Exercise objective ::
If any record holds an image, omit the image and print the rest exactly.

<<<<

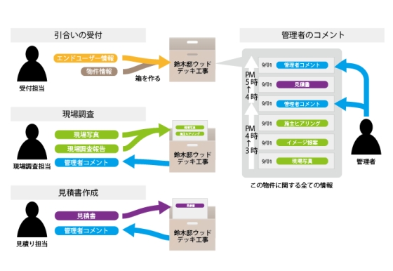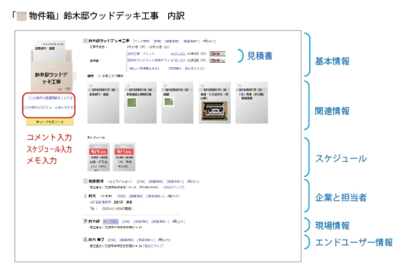 新人の現場担当による現場調査結果を受けた事務所は、1時間以内にお施主様にお渡しする見積り作業に入れます。 午後3時〜午後4時の現場の動き ・現場から施主ヒアリングと現場写真を「物件箱」へ ・ネットプラ10のテラスイメージ提案も「物件箱」へ 午後4時〜午後5時の事務所の動き ・会社からお見積りを「物件箱」へ |
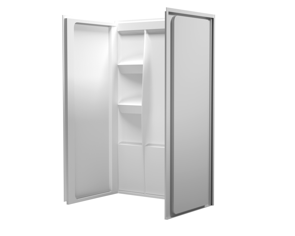 This three-piece acrylic shower wall surround offers built-in shelving for a clutter-free, organized bathing experience.
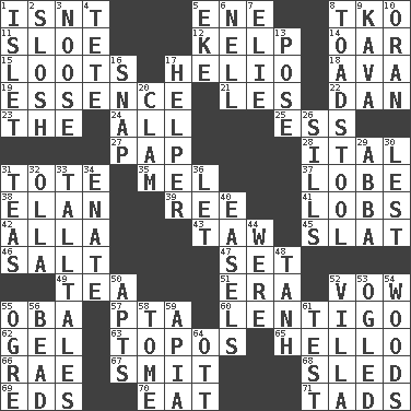ACROSS 1. Is not 5. Compass dir. 8. Ring climax 11. _ gin 12. Seaweed 14. Rowing implement 15. Plunders 17. Sun: prefix 18. Actress Gardner 19. Core 21. French article 22. One of the 12 tribes of Israel 23. Definite Article 24. 100% 25. Double-curved letter 27. Infant food 28. Slanted text style (abbr.) 31. Carry 35. Cartoonist voice _ Blanc 37. Ear part 38. Style 39. Portuguese money of account (variant) 41. Tennis shots 42. Silent film actress Nazimova 43. The 23rd letter of the Hebrew alphabet 45. Narrow board 46. Table seasoning 47. Put into a specified state 49. Afternoon social gathering 51. Period 52. Solemn pledge 55. Chief or king in Benin or Nigeria 57. Parent Teacher Association (abbr.) 60. Small, flat, pigmented spot on the skin 62. Set 63. Traditional theme or motif 65. Phone greeting 66. Actress Charlotte 67. Stricken, poetically 68. Downhill vehicle 69. Begley and Asner 70. Erode 71. Bits DOWN 1. Small island 2. Splash clumsily 3. Trap for birds or small mammals 4. Wig 5. Supplement with great effort 6. 1994 drama film starring Jodie Foster 7. Writer Wiesel 8. Inedible or poisonous agaric 9. Polynesian shrub of the pepper family 10. Northwest Algerian city 13. Introduce or present, as a question 16. Fastener 17. Aide 20. Burrowing marine mollusk 26. Beverly of Met fame 29. Swedish rock group 30. For fear that 31. Beverages made from leaves 32. Spanish pot 33. Baron Munchausen's specialties 34. Related on the mother's side 36. Allow 40. Artist's stands 44. We are 48. Hyperbolic tangent 50. Tenement units (abbr.) 52. Country estate 53. Stared 54. Forest 55. Legendary monster 56. Necklace unit 58. Heavy book 59. Capital of Western Samoa 61. Trial 64. Baseball player Mel
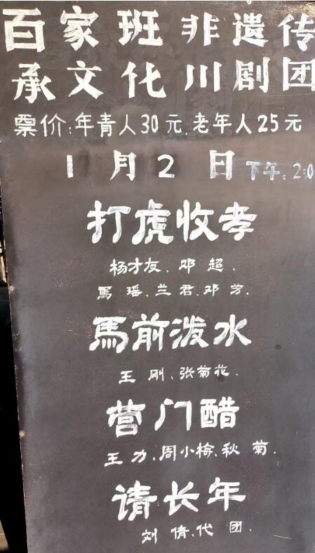 演出剧目:《打虎收孝》《马前泼水》《营门醋》《请长年》
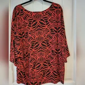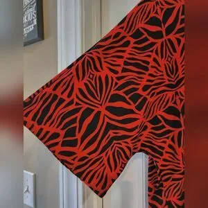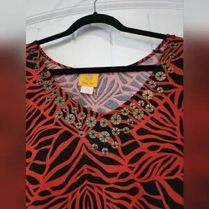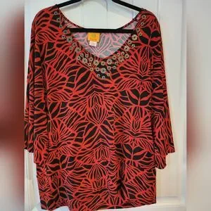 This Ruby Rd. top in XL features a striking black and red zebra chevron print accented with brass embellishments around the necklines. Crafted from 95% polyester and 5% spandex, it's lightweight and comfortable. With mid-length sleeves and a 5-inch width across the bottom, it offers a flattering silhouette. In like-new condition, this top is both stylish and versatile, perfect for adding a bold touch to any outfit.
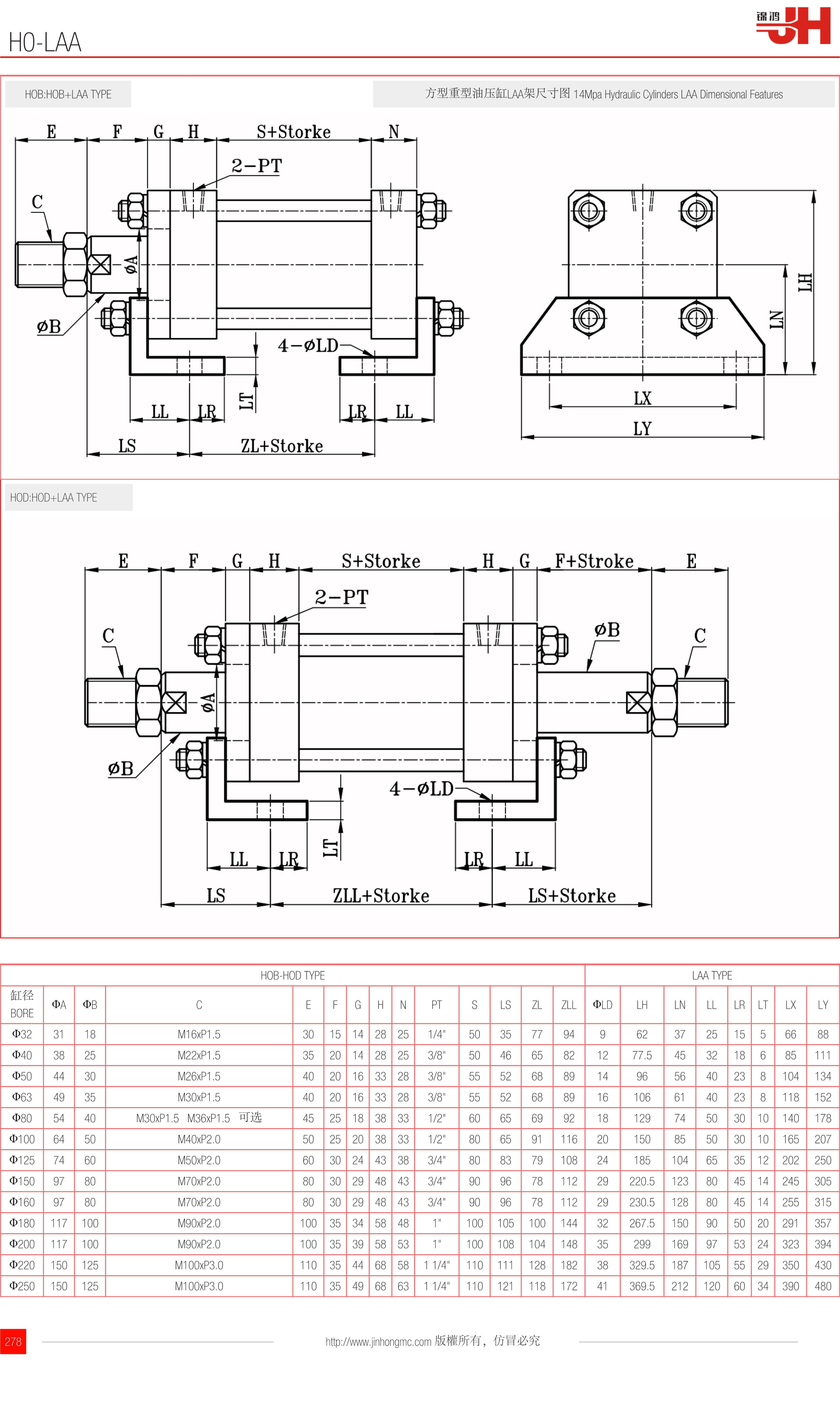 HOB:HOB+LAA TYPE | 方型重型油壓缸LAA架尺寸圖 14Mpa Hydraulic Cylinders LAA Dimensional Features |
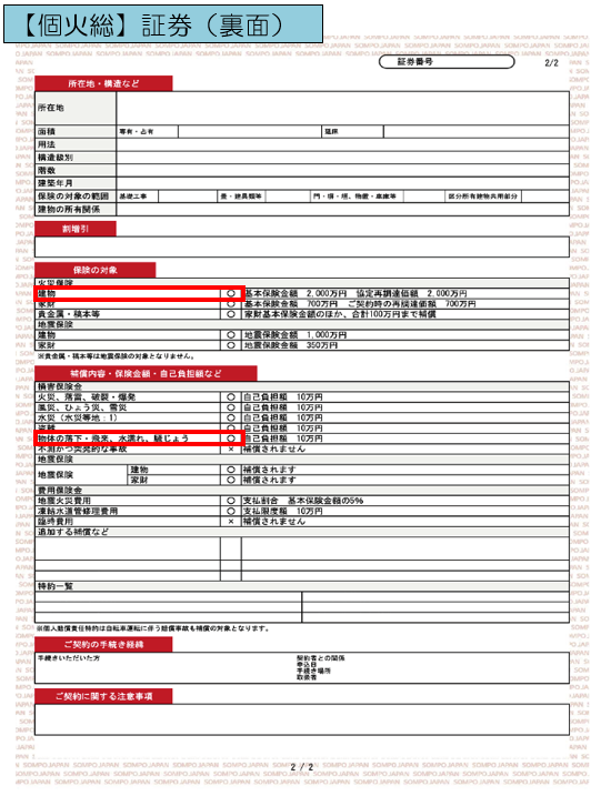 保険証券でご確認いただく場合は、以下サンプル画像の赤枠部分に〇がある場合に補償の対象となりますのでご参考にしてください。
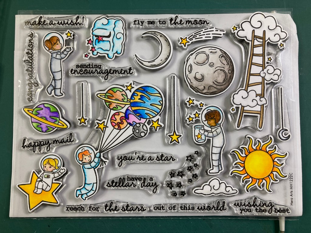 Hello Folks! Scott here with my 10 cards created using the My Monthly Hero December 2022 kit! We are headed skyward this month with a kit featuring a big Celestial Cling Stamp, stars, moons, planets, galaxies, and some cute “space cadets” (Hero Arts terminology – not mine!)
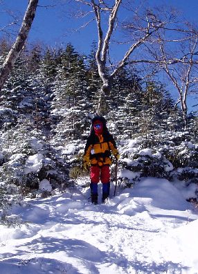 旭小屋からは、樹林帯の急登を登る。雪が少なくアイスバーン状態で歩きづらい。林さんは、普段持ってるストックがなかったので私以上に歩きにくかったと思う。
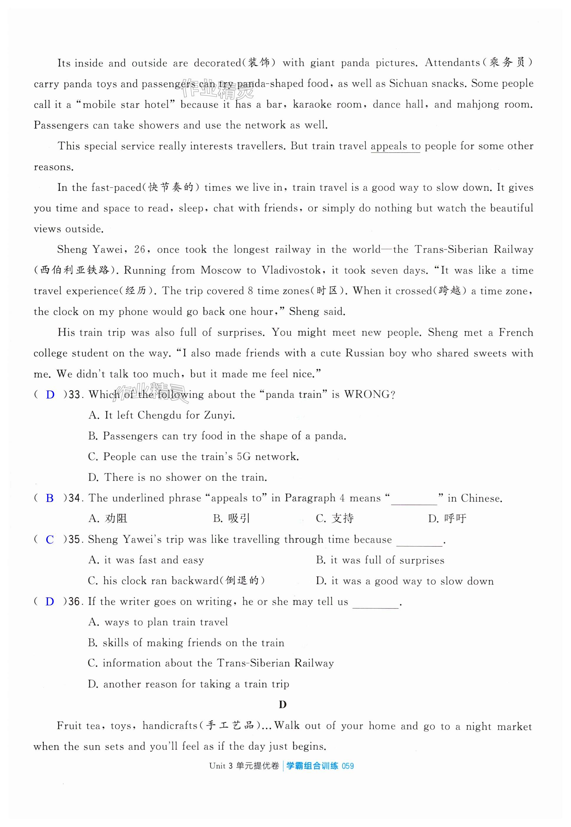 注:目前有些书本章节名称可能整理的还不是很完善,但都是按照顺序排列的,请同学们按照顺序仔细查找。练习册 2024年学霸组合训练七年级英语下册译林版南通专版 答案主要是用来给同学们做完题方便对答案用的,请勿直接抄袭。
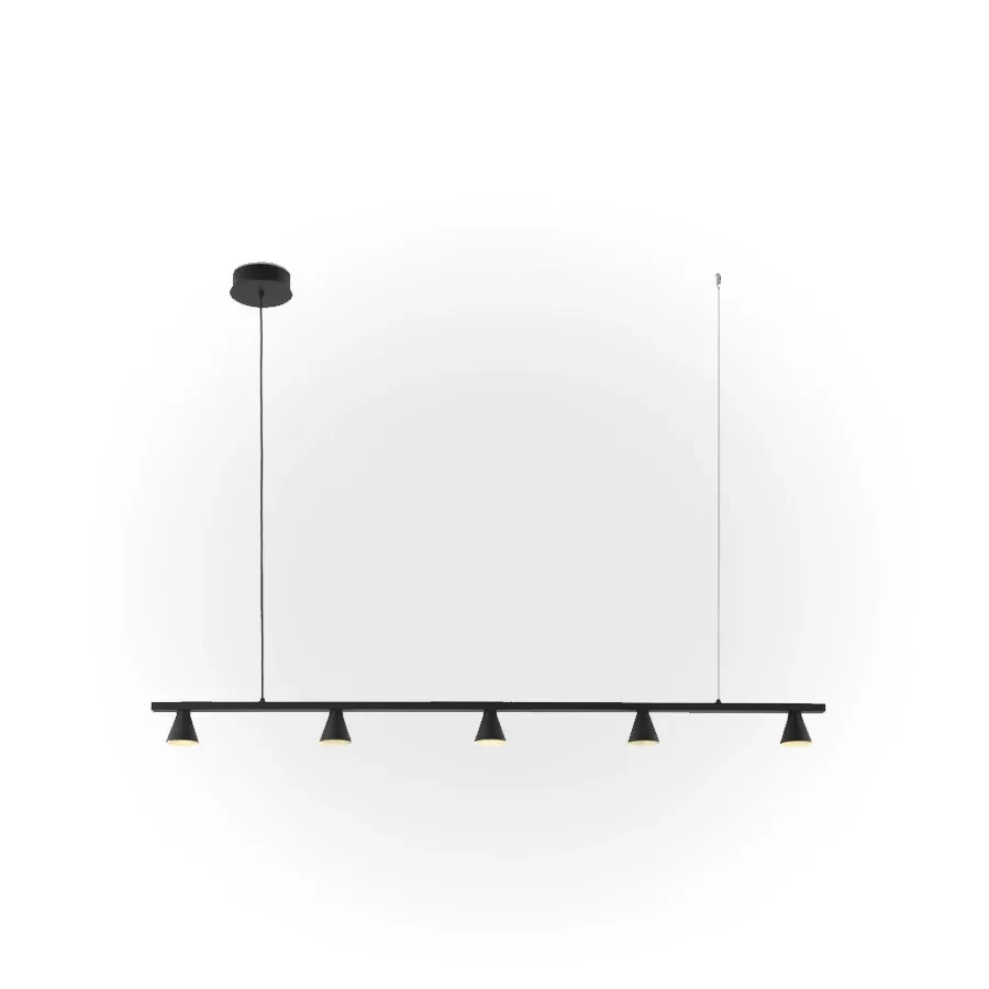 Una lámpara de techo tan ligera como actual con 5 difusores cónicos con LED integrados y dos anclajes al techo. Regulable en altura.
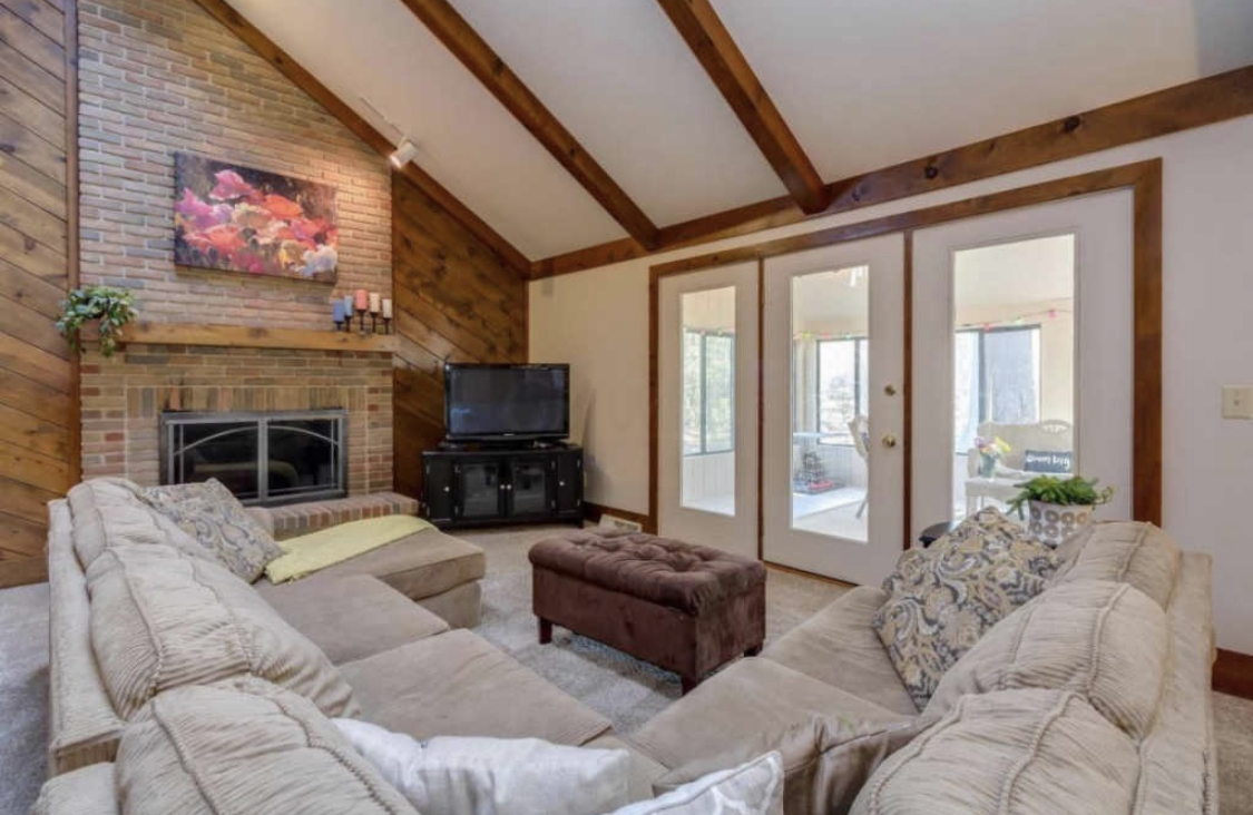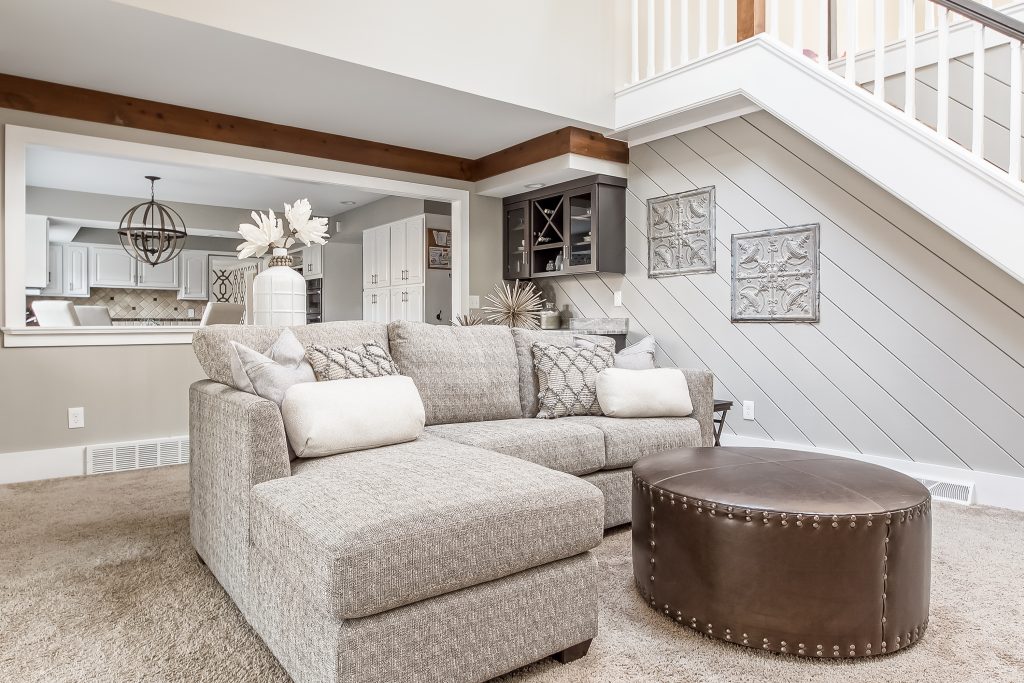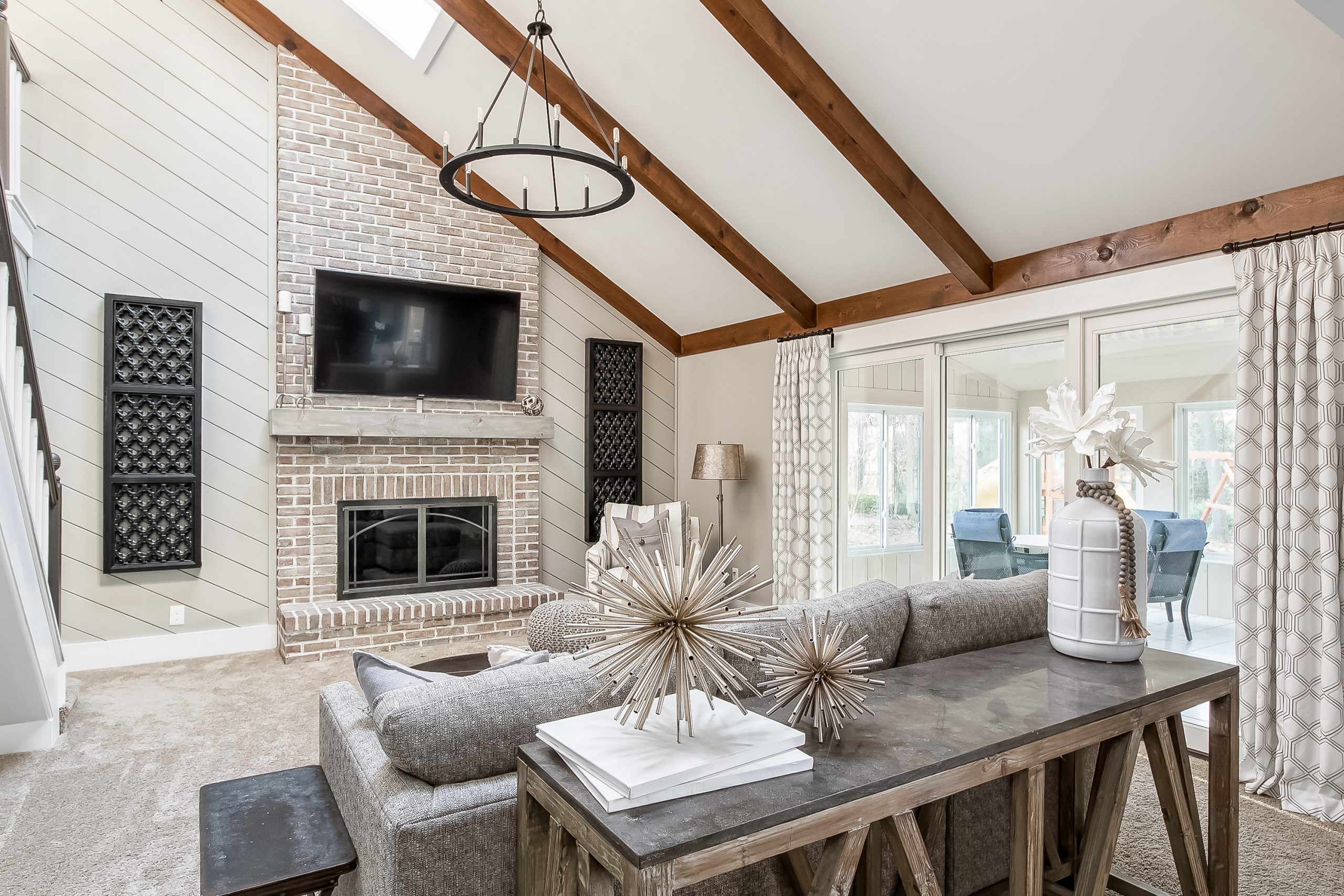 The family moved into a dated home and wanted the living room updated. The transitional design was implemented with new windows and doors, a stair system, painted trim, and paneling. The wet bar was replaced by a dry bar with Moscavo countertops. The fireplace was whitewashed with new furniture and custom window treatments to finish off the space.
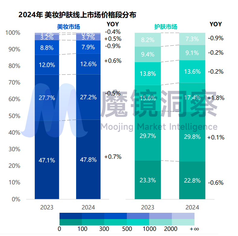 数据显示,彩妆赛道低价格段市场规模占比增长0.7%;护肤消费者也开始更加注重产品的实用性和性价比,300-500元价格段市场规模占比增长1.8%,500元以上价格段普遍面临销售下滑。
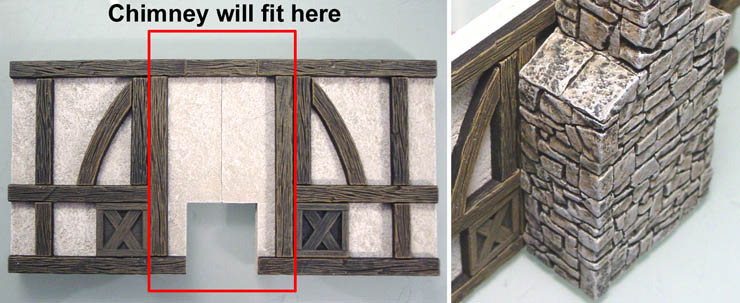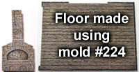 | 7. | On the back side of the fireplace, be sure to put down planks directly under where the chimney will set against. This will give you a nice flat surface to glue the chimney to. I made the chimney using mold #263. |

>>>>

Answer area ::
 新人の現場担当による現場調査結果を受けた事務所は、1時間以内にお施主様にお渡しする見積り作業に入れます。 午後3時〜午後4時の現場の動き ・現場から施主ヒアリングと現場写真を「物件箱」へ ・ネットプラ10のテラスイメージ提案も「物件箱」へ 午後4時〜午後5時の事務所の動き ・会社からお見積りを「物件箱」へ |
 This three-piece acrylic shower wall surround offers built-in shelving for a clutter-free, organized bathing experience.
ACROSS 1. Is not 5. Compass dir. 8. Ring climax 11. _ gin 12. Seaweed 14. Rowing implement 15. Plunders 17. Sun: prefix 18. Actress Gardner 19. Core 21. French article 22. One of the 12 tribes of Israel 23. Definite Article 24. 100% 25. Double-curved letter 27. Infant food 28. Slanted text style (abbr.) 31. Carry 35. Cartoonist voice _ Blanc 37. Ear part 38. Style 39. Portuguese money of account (variant) 41. Tennis shots 42. Silent film actress Nazimova 43. The 23rd letter of the Hebrew alphabet 45. Narrow board 46. Table seasoning 47. Put into a specified state 49. Afternoon social gathering 51. Period 52. Solemn pledge 55. Chief or king in Benin or Nigeria 57. Parent Teacher Association (abbr.) 60. Small, flat, pigmented spot on the skin 62. Set 63. Traditional theme or motif 65. Phone greeting 66. Actress Charlotte 67. Stricken, poetically 68. Downhill vehicle 69. Begley and Asner 70. Erode 71. Bits DOWN 1. Small island 2. Splash clumsily 3. Trap for birds or small mammals 4. Wig 5. Supplement with great effort 6. 1994 drama film starring Jodie Foster 7. Writer Wiesel 8. Inedible or poisonous agaric 9. Polynesian shrub of the pepper family 10. Northwest Algerian city 13. Introduce or present, as a question 16. Fastener 17. Aide 20. Burrowing marine mollusk 26. Beverly of Met fame 29. Swedish rock group 30. For fear that 31. Beverages made from leaves 32. Spanish pot 33. Baron Munchausen's specialties 34. Related on the mother's side 36. Allow 40. Artist's stands 44. We are 48. Hyperbolic tangent 50. Tenement units (abbr.) 52. Country estate 53. Stared 54. Forest 55. Legendary monster 56. Necklace unit 58. Heavy book 59. Capital of Western Samoa 61. Trial 64. Baseball player Mel
 演出剧目:《打虎收孝》《马前泼水》《营门醋》《请长年》
 This Ruby Rd. top in XL features a striking black and red zebra chevron print accented with brass embellishments around the necklines. Crafted from 95% polyester and 5% spandex, it's lightweight and comfortable. With mid-length sleeves and a 5-inch width across the bottom, it offers a flattering silhouette. In like-new condition, this top is both stylish and versatile, perfect for adding a bold touch to any outfit.
 HOB:HOB+LAA TYPE | 方型重型油壓缸LAA架尺寸圖 14Mpa Hydraulic Cylinders LAA Dimensional Features |
 保険証券でご確認いただく場合は、以下サンプル画像の赤枠部分に〇がある場合に補償の対象となりますのでご参考にしてください。
 Hello Folks! Scott here with my 10 cards created using the My Monthly Hero December 2022 kit! We are headed skyward this month with a kit featuring a big Celestial Cling Stamp, stars, moons, planets, galaxies, and some cute “space cadets” (Hero Arts terminology – not mine!)
 旭小屋からは、樹林帯の急登を登る。雪が少なくアイスバーン状態で歩きづらい。林さんは、普段持ってるストックがなかったので私以上に歩きにくかったと思う。
 注:目前有些书本章节名称可能整理的还不是很完善,但都是按照顺序排列的,请同学们按照顺序仔细查找。练习册 2024年学霸组合训练七年级英语下册译林版南通专版 答案主要是用来给同学们做完题方便对答案用的,请勿直接抄袭。
 Una lámpara de techo tan ligera como actual con 5 difusores cónicos con LED integrados y dos anclajes al techo. Regulable en altura.
 The family moved into a dated home and wanted the living room updated. The transitional design was implemented with new windows and doors, a stair system, painted trim, and paneling. The wet bar was replaced by a dry bar with Moscavo countertops. The fireplace was whitewashed with new furniture and custom window treatments to finish off the space.
 数据显示,彩妆赛道低价格段市场规模占比增长0.7%;护肤消费者也开始更加注重产品的实用性和性价比,300-500元价格段市场规模占比增长1.8%,500元以上价格段普遍面临销售下滑。
 | 7. | On the back side of the fireplace, be sure to put down planks directly under where the chimney will set against. This will give you a nice flat surface to glue the chimney to. I made the chimney using mold #263. |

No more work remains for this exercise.